Wall Street Journal

America’s Troubling Lesson From Midway

Associate Director, Center for the Future of Liberal Society
The Aegis-class destroyer USS Curtis Wilbur (DDG 54) is deployed in support of Operation Enduring Freedom. (Photo by Mai/Getty Images)
The Aegis-class destroyer USS Curtis Wilbur (DDG 54) is deployed in support of Operation Enduring Freedom. (Photo by Mai/Getty Images)

As the U.S. and China begin to face off in a rivalry for global leadership, the Pacific Ocean is again becoming a focus of global military power. Pacific countries like China, Japan and the U.S. aren’t the only ones filling these waters with well-armed ships: The U.K. sent its aircraft carrier, the HMS Queen Elizabeth, to the region for most of the past year, and even the relatively unmilitaristic Germans sent a frigate through the South China Sea in December.

While several recent conflicts have demonstrated the efficacy of various air- and land-power doctrines and technologies, there have been relatively few recent opportunities for naval forces to test their equipment and their mettle. Ukraine has managed to sink several Russian ships, but it isn’t clear if the experience of fighting in the relatively confined Black Sea will translate to the vast Pacific Ocean.

American strategists are still studying battles from World War II, the last major naval conflict, for insights into a future Pacific war. Unless the American armed forces rebuild important war-fighting capabilities, they may suffer the fate of Imperial Japan.

As the sun rose on June 4, 1942, the Japanese Navy ruled the waves. After the Pearl Harbor attack on Dec. 7, 1941, Japan overpowered the American garrison in the Philippines, occupied Hong Kong, seized Singapore, and effectively swept the European imperial powers out of Southeast Asia—all while continuing a grueling war in China. In one of the most impressive campaigns in military history, the Imperial Navy rampaged from Sri Lanka to the Solomon Islands. Next stop: Midway, the last American bastion protecting Hawaii from further attacks.

Thanks to some nifty intelligence work—American cryptologists were intercepting and deciphering Japanese transmissions—and the fortuitous absence of American aircraft carriers from Pearl Harbor, the Americans had a fighting chance to stop the Japanese offensive at Midway. During the main action on June 4, waves of American aircraft inflicted severe damage on all four of the Japanese carriers engaged in the battle, eventually sinking all of them.

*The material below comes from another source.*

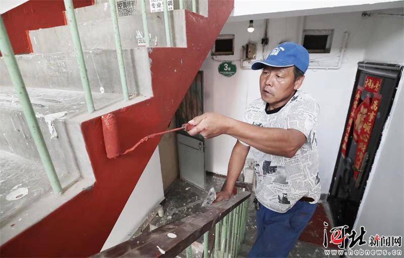圖為9月3日,廊坊市區(qū)華興里供電小區(qū)改造現(xiàn)場(chǎng),工人正在刷新樓道墻壁。 賈珺攝

Midway is often seen as a turning point in the Pacific war, much like Stalingrad in Europe. In both cases, a bold Axis offensive ended with the almost complete destruction of the attacking forces. But in many respects, the two battles were very different. After Stalingrad, the Soviets went on the offensive and, excepting some temporary setbacks, marched west until they reached Berlin.

The Japanese mostly stopped advancing eastward after Midway, but had they tried they would have found few obstacles in their path. For long stretches in the year following the battle, the USS Saratoga was the only American aircraft carrier between Tokyo and Pearl Harbor, and the U.S. even had to borrow the HMS Victorious from the U.K. to protect the limited Allied offensives in the South Pacific.

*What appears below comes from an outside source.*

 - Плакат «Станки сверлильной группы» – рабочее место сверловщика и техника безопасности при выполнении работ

The U.S. didn’t gain a clear advantage in the Pacific until roughly a year after Midway, when America’s newly built ships and aircraft reached Hawaii. By that point, Japan’s relatively small number of highly trained and tactically proficient aviators and sailors was dwindling after years of intense combat. The Imperial Navy simply couldn’t replace its losses, let alone keep pace with the thousands of aircraft and hundreds of ships pouring out of American factories.

Eighty years after Midway, the U.S. is on track to face disadvantages against China. Beijing has commanded more ships than Washington since 2015, and the U.S. deficit is growing: The Navy’s budget proposal would retire 24 ships next year while adding only nine replacements. America’s ships may be more capable than China’s, but they have global responsibilities, are outnumbered, and would have few if any reinforcements in a crisis. As the U.S. Navy shrinks from 297 to 280 ships over the next five years, it plans to acquire about 10 new ships a year. It is unlikely that the seven U.S. shipyards that can produce bigger warships will be able to make up for combat losses, especially if they are also repairing ships that have been damaged in combat.

Even in peacetime, the military is struggling to keep up with needed repairs. The USS George Washington should have completed a four-year overhaul in August; the Navy now hopes to be finished by March 2023, nearly two years late. Last year, 2 of 5 private shipyard repairs were behind schedule, an improvement over previous years. The U.S. Government Accountability Office, which has been warning about the Navy’s inadequate repair facilities for years, argues that the Navy’s dry-dock modernization program is far too modest to improve this dismal performance.

In 1942 Japan’s naval forces were powerful, yet brittle. Are today’s American forces so different?